◆ **Stored records**:
++++++++++
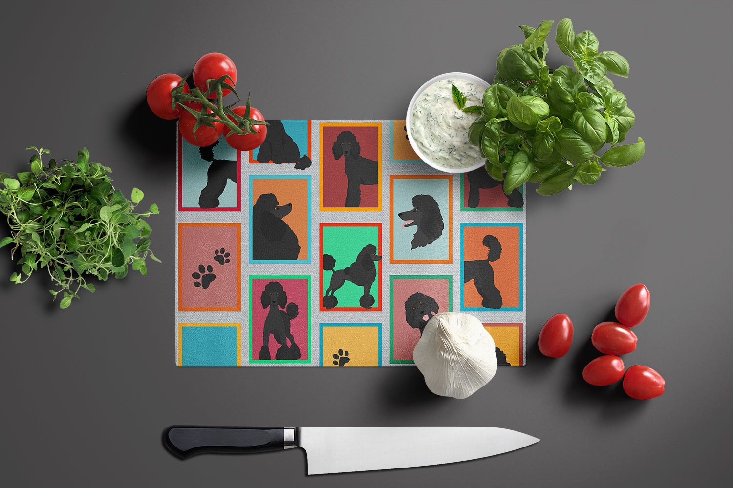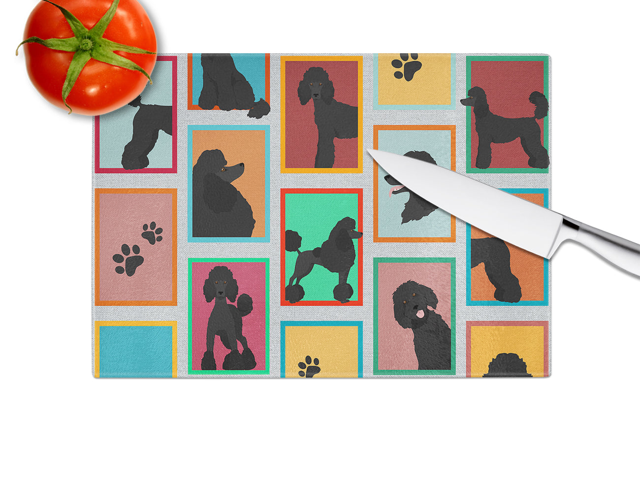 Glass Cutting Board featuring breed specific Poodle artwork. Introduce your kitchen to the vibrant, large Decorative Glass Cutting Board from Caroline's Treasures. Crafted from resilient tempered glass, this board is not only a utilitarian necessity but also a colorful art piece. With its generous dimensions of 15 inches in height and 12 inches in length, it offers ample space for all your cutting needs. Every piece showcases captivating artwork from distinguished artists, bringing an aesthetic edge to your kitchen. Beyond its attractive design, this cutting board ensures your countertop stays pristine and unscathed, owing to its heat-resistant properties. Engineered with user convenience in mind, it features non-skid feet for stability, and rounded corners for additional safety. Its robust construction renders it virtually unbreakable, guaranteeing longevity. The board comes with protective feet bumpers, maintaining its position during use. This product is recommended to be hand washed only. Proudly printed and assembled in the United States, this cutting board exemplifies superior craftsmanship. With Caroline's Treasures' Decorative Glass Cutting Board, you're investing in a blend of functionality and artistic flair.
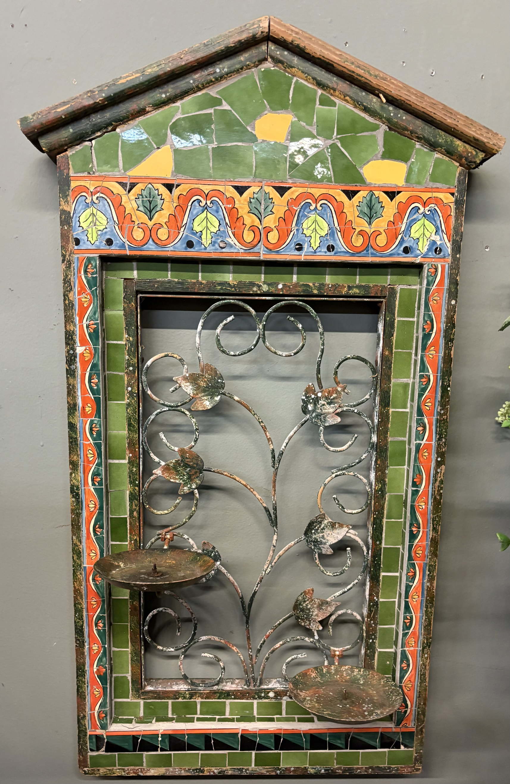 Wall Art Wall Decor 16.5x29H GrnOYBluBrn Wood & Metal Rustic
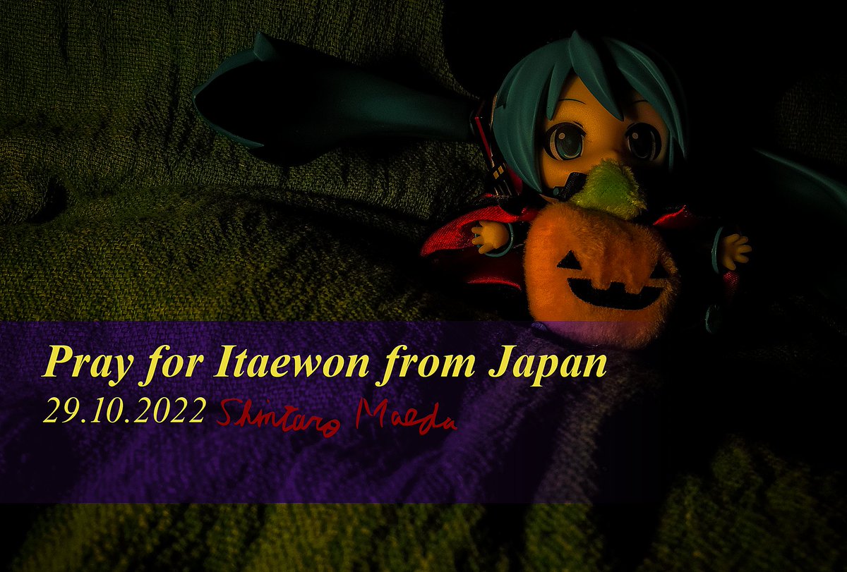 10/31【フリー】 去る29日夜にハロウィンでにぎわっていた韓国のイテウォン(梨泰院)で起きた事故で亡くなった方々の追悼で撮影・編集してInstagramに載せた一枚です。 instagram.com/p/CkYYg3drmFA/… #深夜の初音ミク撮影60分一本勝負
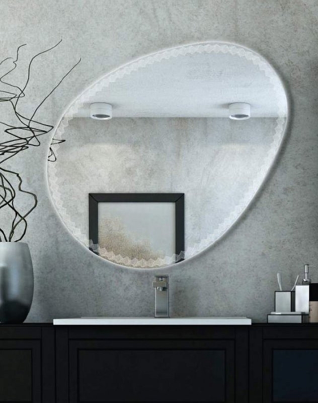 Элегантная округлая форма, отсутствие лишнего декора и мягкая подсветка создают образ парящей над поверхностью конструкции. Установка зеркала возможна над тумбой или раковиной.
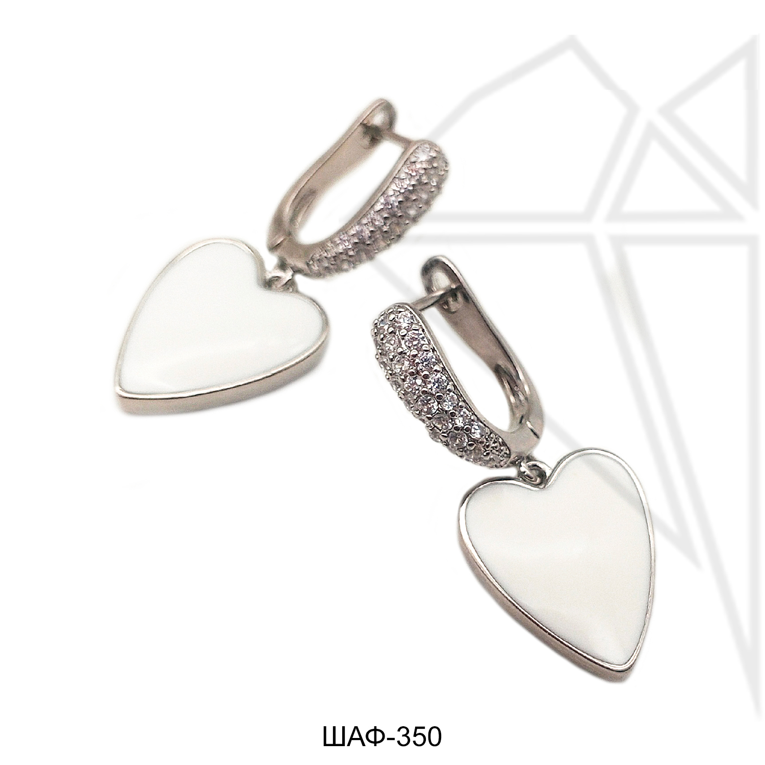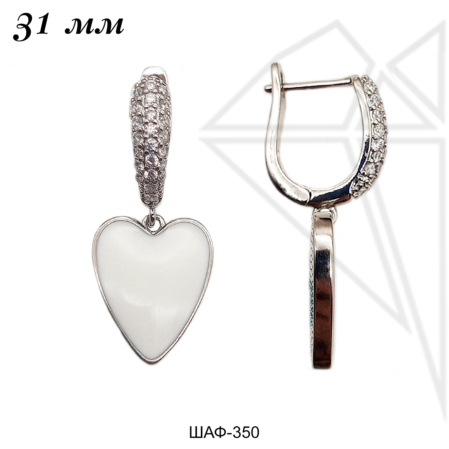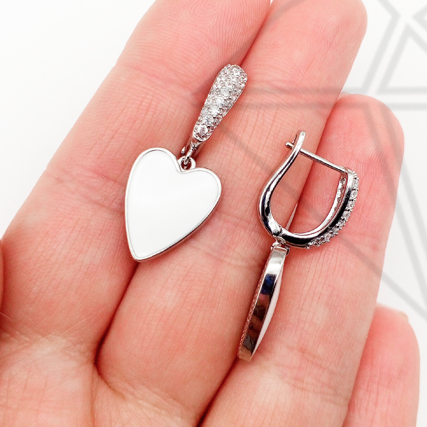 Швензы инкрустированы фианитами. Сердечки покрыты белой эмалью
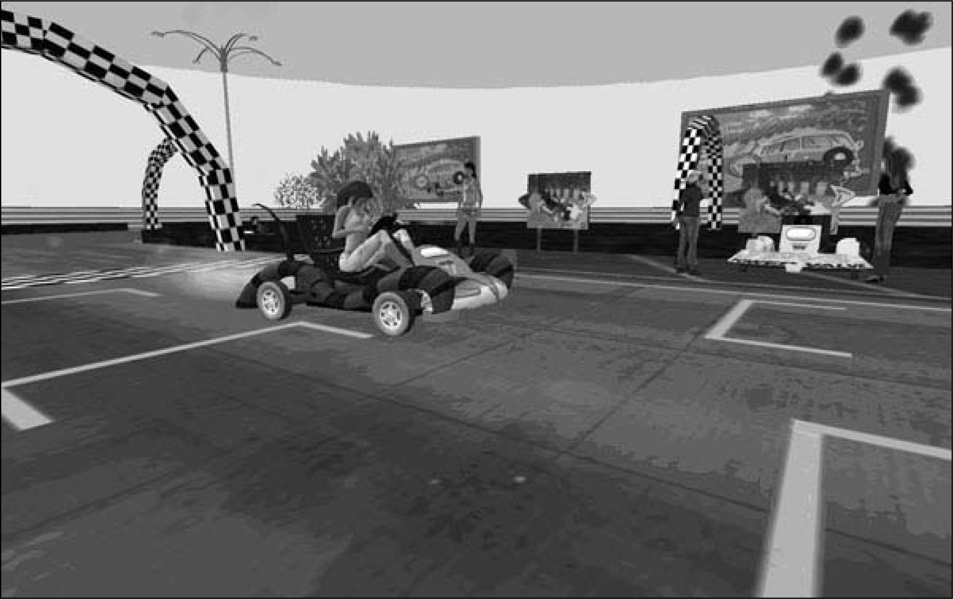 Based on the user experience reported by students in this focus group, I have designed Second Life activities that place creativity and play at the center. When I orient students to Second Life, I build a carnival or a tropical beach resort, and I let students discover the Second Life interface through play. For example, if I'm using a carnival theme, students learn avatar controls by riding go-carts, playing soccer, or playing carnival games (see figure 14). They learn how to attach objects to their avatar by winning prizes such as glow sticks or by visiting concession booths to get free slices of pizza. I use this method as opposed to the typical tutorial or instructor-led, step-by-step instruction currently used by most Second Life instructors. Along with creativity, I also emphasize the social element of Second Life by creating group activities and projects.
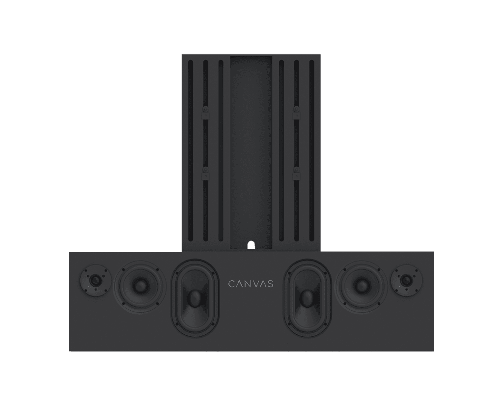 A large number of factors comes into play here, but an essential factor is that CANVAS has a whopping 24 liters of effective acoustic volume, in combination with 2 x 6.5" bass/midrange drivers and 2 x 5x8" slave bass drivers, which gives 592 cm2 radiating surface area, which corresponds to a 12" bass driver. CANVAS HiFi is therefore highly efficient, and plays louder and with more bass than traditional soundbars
++++++++++
◆ **About this exercise**: Set the pictures aside and transcribe exactly the stretch of lines above, beginning with the one holding "Элегантная округлая форма, отсутствие" and ending with the one holding "Швензы инкрустированы фианитами.".

◆ **Response box**:
 Элегантная округлая форма, отсутствие лишнего декора и мягкая подсветка создают образ парящей над поверхностью конструкции. Установка зеркала возможна над тумбой или раковиной.
 Швензы инкрустированы фианитами. Сердечки покрыты белой эмалью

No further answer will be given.